Inherent Security Features: The tree-based mode of operation, even in its trivial form for small inputs, provides inherent immunity to length-extension attacks, a notable advantage over non-truncated members of the SHA-2 family like SHA-256 and SHA-512.9

Performance Profile for Small Inputs

BLAKE3 was explicitly designed to excel not only on large, parallelizable inputs but also on the small inputs relevant to this analysis.

Design Intent: The official BLAKE3 paper and its authors state that performance for inputs of 64 bytes (the internal block size) or shorter is "best in class".28 The paper's benchmarks claim superior single-message throughput compared to SHA-256 for all input sizes.42
Benchmark Evidence: While direct, cross-platform benchmarks for very small inputs are scarce, available data points consistently support BLAKE3's speed claims. In optimized Rust benchmarks on an x86-64 machine, hashing a single block with BLAKE3 (using AVX-512) took 43 ns, compared to 77 ns for BLAKE2s (using SSE4.1).43 This demonstrates the raw speed of the 7-round compression function. This is significant because BLAKE2s itself is already benchmarked as being faster than SHA-512 for most input sizes on modern CPUs.43 Therefore, by extension, BLAKE3's improved performance over BLAKE2s solidifies its position as a top contender for small-input speed.

Candidate Deep Dive: KangarooTwelve

KangarooTwelve (K12) is a high-speed cryptographic hash function from the designers of Keccak/SHA-3. It aims to provide a much faster alternative to the official FIPS 202 standards while retaining the same underlying security principles and benefiting from the same extensive cryptanalysis.

Algorithm and Design Rationale

K12 is best understood as a performance-tuned variant of the SHAKE eXtendable-Output Functions.

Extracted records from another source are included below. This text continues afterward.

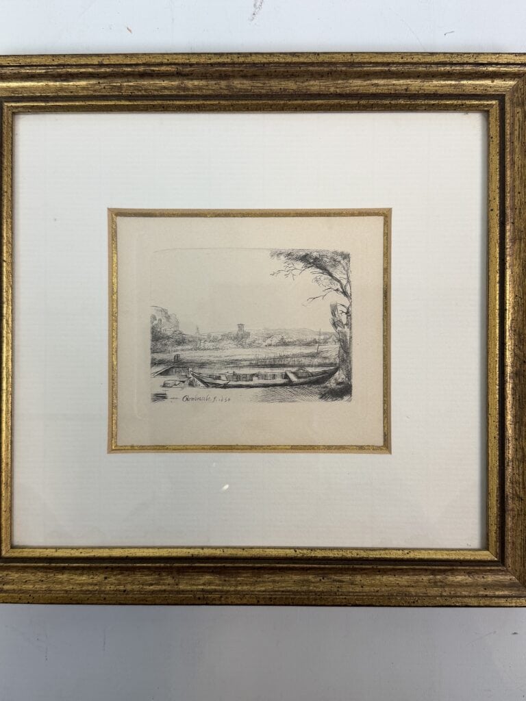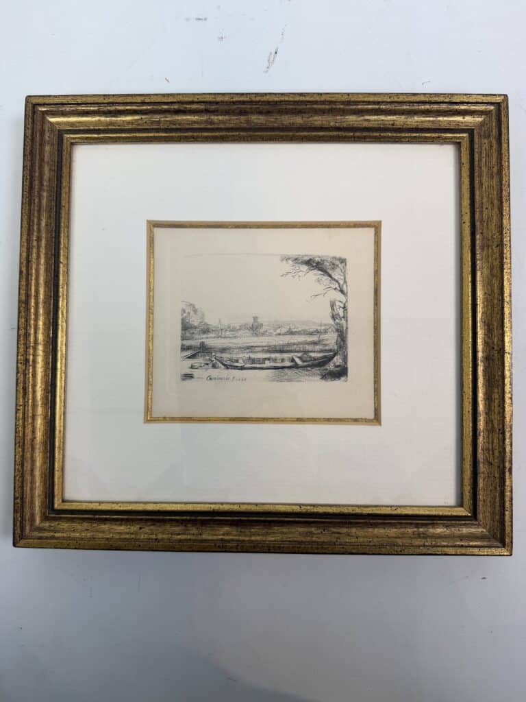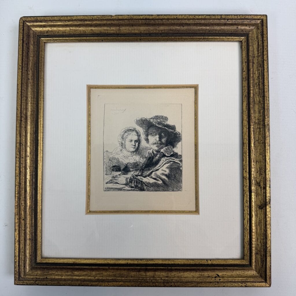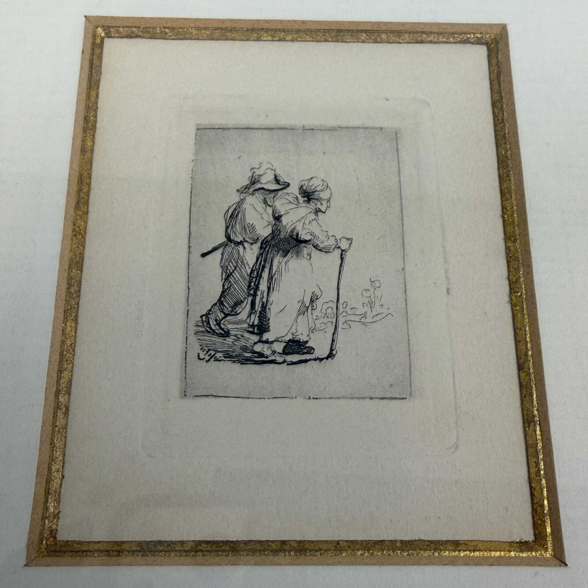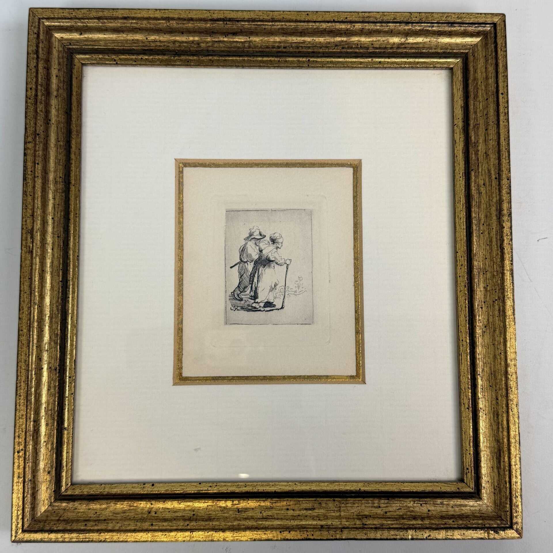 The patinated gilded frame with multiple tiers, along with the passe-partout and fillet around the edge of the etchings, draw your attention to the small work of art in the centre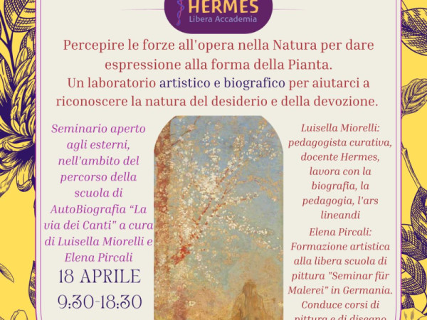 Percepire le forze all'opera nella Natura per fare espressione alla forma della Pianta. Un laboratorio artistico e biografico per aiutarci a riconoscere la natura del desiderio e della devozione. 18 aprile, orario 9:30 – 18:00 19 aprile, orario 9 - 13 Seminario aperto agli esterni, nell’ambito del percorso della scuola di AutoBiografia, La via dei canti. Conducono: Luisella Miorelli, vive in Trentino, educatrice professionale, opera dal 1987 nel sociale, nell’ambito della prevenzione del disagio giovanile, in particolare nella fascia adolescenziale. Diplomata in Pedagogia Curativa presso l’Accademia A. Bargero di Oriago (VE), lavora con la biografia, la pedagogia, l'ars lineandi. Docente presso la Libera Accademia HERMES Elena Pircali, formazione artistica alla libera scuola di Pittura Seminar fur Malerei in Germania. Conduce corsi di pittura e di disegno per bambini e adulti. Presso la Libera Accademia Hermes, via Roma 38, Fontanafredda (Padova) Iscrizioni entro il 13 aprile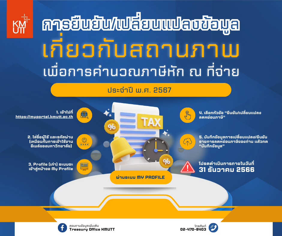 การยืนยัน/เปลี่ยนแปลงข้อมูลเกี่ยวกับสถานภาพเพื่อการคำนวณภาษีหัก ณ ที่จ่าย ประจำปี พ.ศ. 2567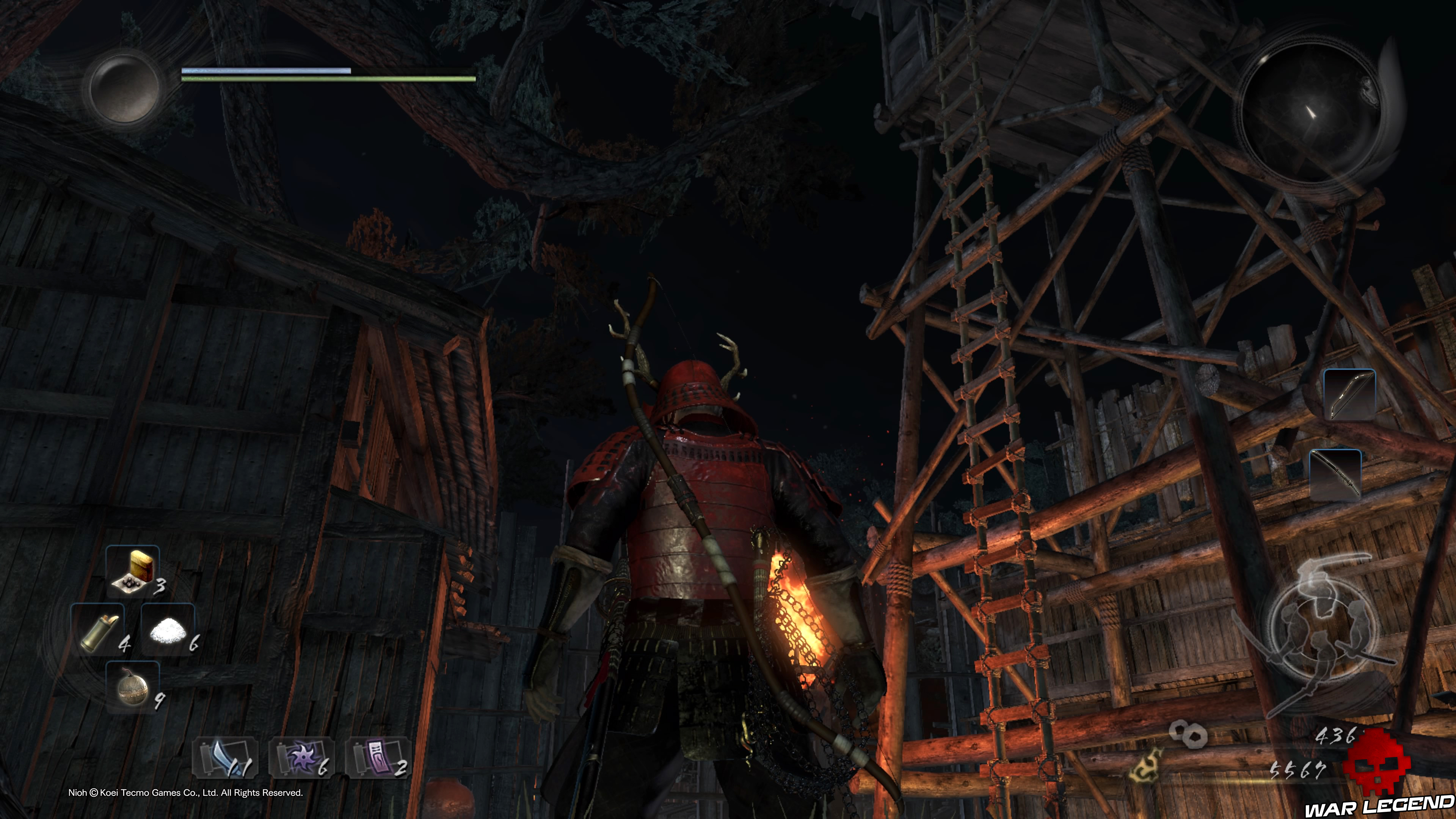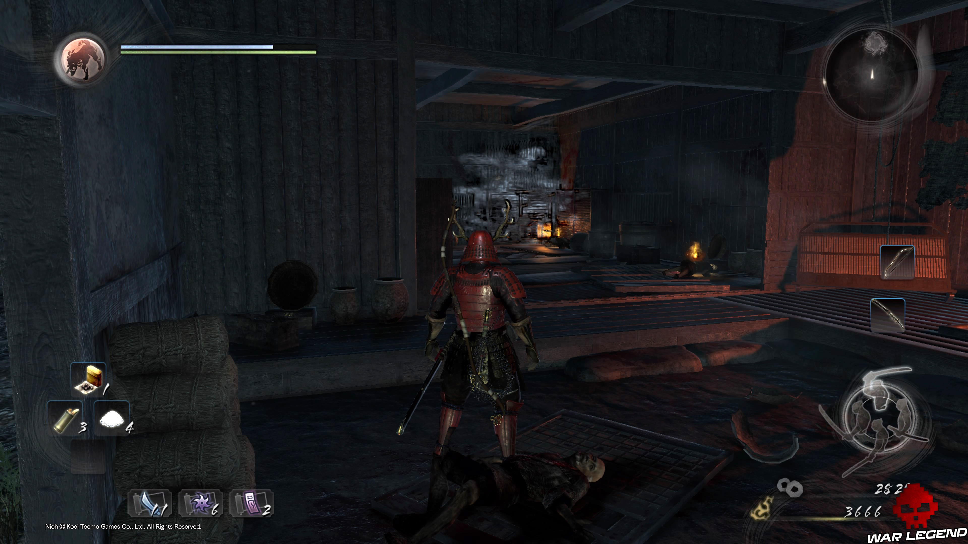Tirez ensuite sur le guerrier au fond pour l’attirer puis éliminez-le à l’écart de son compère. Enfin, zigouille le dernier clampin. Vous pouvez maintenant récupérer le « Bizen-den Tachi » sur le corps. Finissez de faire le tour de la maison, longez la palissade pour trouver un passage sur la droite vers un corps, revenez sur vos pas, avant de repasser la palissade, longez la par la droite pour trouver un Kodoma, puis revenez au niveau de la demeure, tuez le garde qui patrouille devant la bâtisse et entrez dans la dépendance sur la gauche. Tuez l’adversaire et récupérez le « Do » de chef de guerre, le « Kabuto » qui va avec, le « Kote » de baroudeur, l' »Amulette de voyage », les deux « Kayaku-dama » et « Talismans balises ». Entrez maintenant dans la maison et préparez-vous à affronter un Yokai.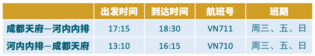 每周三、五、日,越南航空一周三班从成都天府国际机场往返越南河内内排机场,采用空客A321执飞。
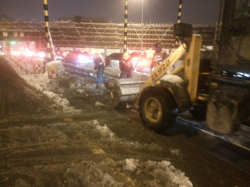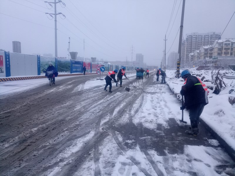 项目部人员利用铁锹上路除雪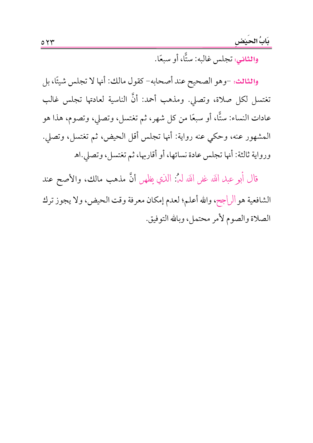 قال أبو عبد الله غفر الله لهُ: الذي يظهر أنَّ مذهب مالك، والأصح عند الشافعية هو الراجح، والله أعلم؛ لعدم إمكان معرفة وقت الحيض، ولا يجوز ترك الصلاة والصوم لأمر محتمل، وبالله التوفيق.
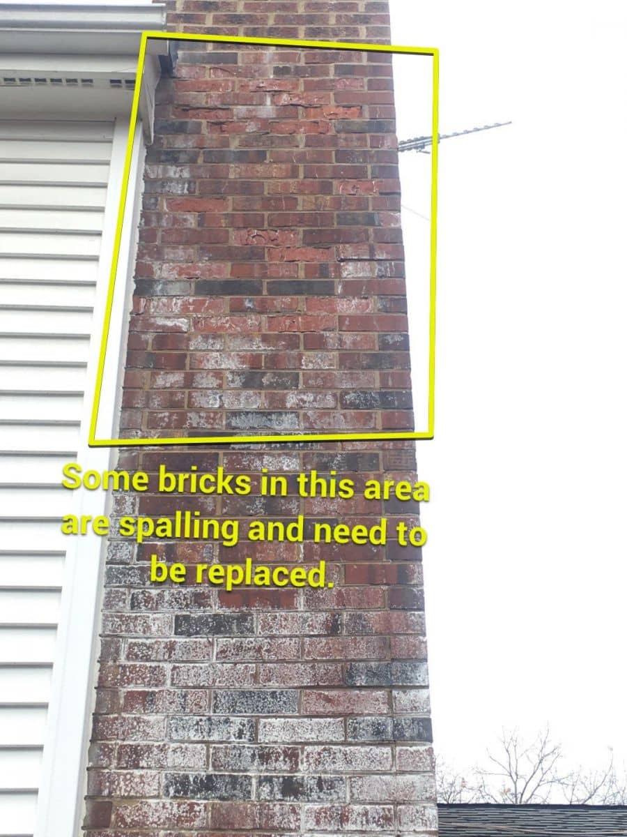 A brick chimney with a yellow box highlighting damaged bricks; text notes spalling bricks need replacement.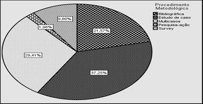As abordagens metodológicas preferidas pelos autores foram analisadas de forma a que se possa ter uma ideia da predominância de determinados tipos, métodos e procedimentos de pesquisa utilizados pelos pesquisadores do tema ora em estudo. Para realizar esta análise, foram utilizadas as informações fornecidas pelos próprios autores sobre o tipo, o método e os procedimentos de pesquisa que eles seguiram. Não cabe a este estudo julgar eventuais incongruências, já que se tratam de artigos aprovados em revistas ou eventos que possuem procedimentos de revisão (MURITIBA et al. 2010).

Core Components: The core primitive of K12 is the Keccak-p permutation.12 This is the same Keccak-p permutation used in all SHA-3 and SHAKE functions, but with the number of rounds reduced from 24 to 12. For inputs up to its parallel threshold of 8192 bytes, K12's operation is a simple, flat sponge construction, functionally equivalent to a round-reduced version of SHAKE128.31 It uses a capacity of 256 bits, targeting a 128-bit security level.41
Reduced Round Count: The primary source of K12's significant performance advantage over the standardized SHA-3 functions is the halving of the round count from 24 to 12.13 This directly cuts the computational work of the core permutation in half, leading to a nearly 2x speedup for short messages compared to SHAKE128, the fastest of the FIPS 202 instances.12

Security Posture

The security case for KangarooTwelve is directly inherited from the decade of intense international scrutiny applied to its parent, Keccak.

Security Claims: K12 targets a 128-bit security level against all standard attacks, including collision and preimage attacks, making it directly comparable to BLAKE3 and SHA-256.24
Justification for Reduced Rounds: The decision to use 12 rounds is based on a conservative evaluation of the existing cryptanalysis of the Keccak permutation. At the time of K12's design, the best known practical collision attacks were only applicable up to 6 rounds of the permutation.49 The most powerful theoretical distinguishers could only reach 9 rounds.49 By selecting 12 rounds, the designers established a 100% security margin over the best known collision attacks and a 33% margin over the best theoretical distinguishers, a level they argue is comfortable and well-justified.49

Performance Profile for Small Inputs

KangarooTwelve was designed to be fast for both long and short messages, addressing a perceived performance gap in the official SHA-3 standard.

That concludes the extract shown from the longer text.